🤖 AI Summary
Traditional travel search engines rely on structured inputs and struggle to support hotel retrieval via natural language queries.
Method: This paper proposes a domain-specific multimodal dense retrieval model for travel. It introduces (1) a novel three-task joint optimization framework tailored to the travel domain; (2) an asymmetric cross-modal retrieval architecture that synergizes a small language model (for online query encoding) with a large language model (for offline hotel representation); and (3) full-gallery-level image feature aggregation and alignment.
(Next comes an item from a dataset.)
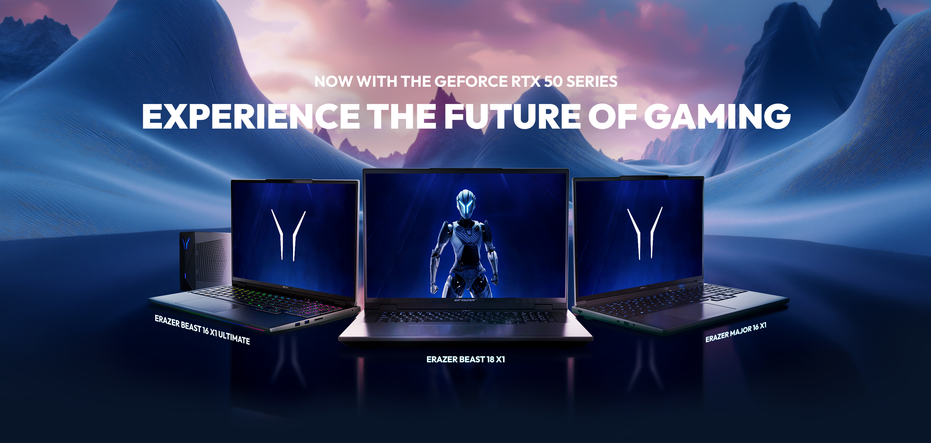 Dank den GPUs der NVIDIA GeForce RTX™ 50-Serie mit Blackwell-Architektur erhalten die High End Gaming Laptops von ERAZER bahnbrechende Funktionen.

Results: Evaluated on four benchmark datasets, the model achieves Recall@10 of 0.681 on primary query types—outperforming the state-of-the-art MARVEL by 12.9% and significantly surpassing baselines such as VISTA.
📝 Abstract
We present HotelMatch-LLM, a multimodal dense retrieval model for the travel domain that enables natural language property search, addressing the limitations of traditional travel search engines which require users to start with a destination and editing search parameters. HotelMatch-LLM features three key innovations: (1) Domain-specific multi-task optimization with three novel retrieval, visual, and language modeling objectives; (2) Asymmetrical dense retrieval architecture combining a small language model (SLM) for efficient online query processing and a large language model (LLM) for embedding hotel data; and (3) Extensive image processing to handle all property image galleries. Experiments on four diverse test sets show HotelMatch-LLM significantly outperforms state-of-the-art models, including VISTA and MARVEL. Specifically, on the test set -- main query type -- we achieve 0.681 for HotelMatch-LLM compared to 0.603 for the most effective baseline, MARVEL. Our analysis highlights the impact of our multi-task optimization, the generalizability of HotelMatch-LLM across LLM architectures, and its scalability for processing large image galleries.